Begin at the line that holds "Am 29. November" and copy each line exactly until the data below ends, including that last line but no pictures.

**DATA SHOWN**
——
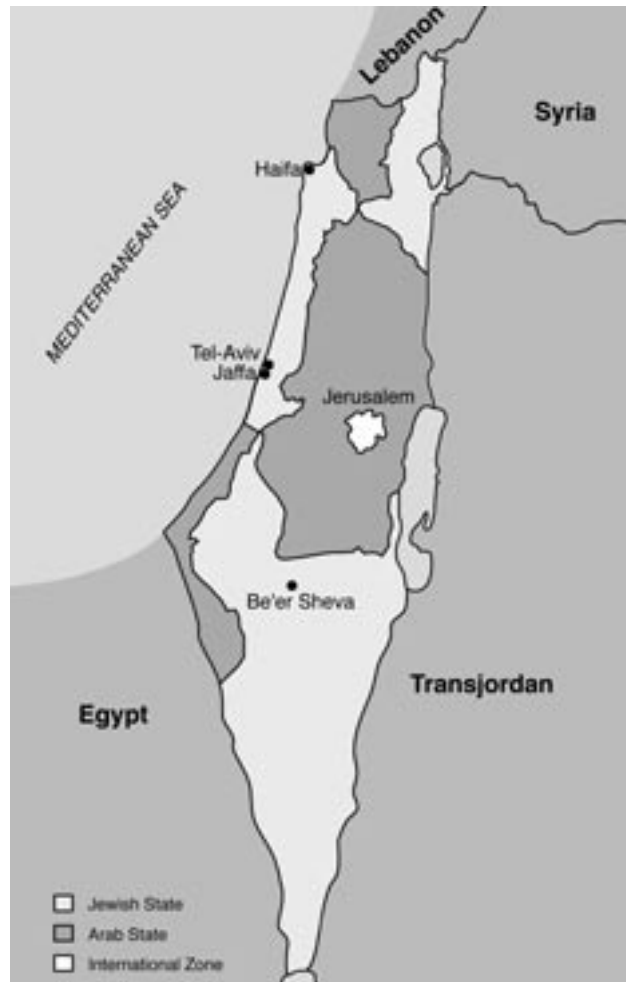
Karte: Der UN-Teilungsplan gemäß der Resolution vom 29. November 1947.

Am 29. November 1947 nahm die UN-Generalversammlung mit großer Mehrheit eine Resolution an, die dazu aufrief, zwei benachbarte unabhängige Staaten im Land Israel zu gründen (Resolution 181). Angehörige der jüdischen Gemeinschaft tanzten vor Freude auf den Straßen, aber kurz darauf griffen palästinensische Araber und Freiwillige aus anderen arabischen Ländern, die den Teilungsplan ablehnten, an. Der Krieg begann.
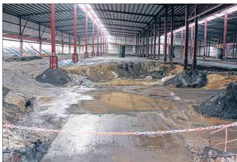
Polder 1a ist weitgehend leer. Gelagert wird hier Sondermüll wie ver-seuchte Böden, Filterstäube oder Schlacken. Brennbares, flüssiges oder biologisch abbaubares Material wird hier nicht angenommen.

Platz auf der Deponie ist noch vorhanden. Drei von insgesamt sieben Poldern sind bereits verfüllt und auch schon rekultiviert. Die
——
**YOUR SOLUTION**
Am 29. November 1947 nahm die UN-Generalversammlung mit großer Mehrheit eine Resolution an, die dazu aufrief, zwei benachbarte unabhängige Staaten im Land Israel zu gründen (Resolution 181). Angehörige der jüdischen Gemeinschaft tanzten vor Freude auf den Straßen, aber kurz darauf griffen palästinensische Araber und Freiwillige aus anderen arabischen Ländern, die den Teilungsplan ablehnten, an. Der Krieg begann.
Polder 1a ist weitgehend leer. Gelagert wird hier Sondermüll wie ver-seuchte Böden, Filterstäube oder Schlacken. Brennbares, flüssiges oder biologisch abbaubares Material wird hier nicht angenommen.

Platz auf der Deponie ist noch vorhanden. Drei von insgesamt sieben Poldern sind bereits verfüllt und auch schon rekultiviert. Die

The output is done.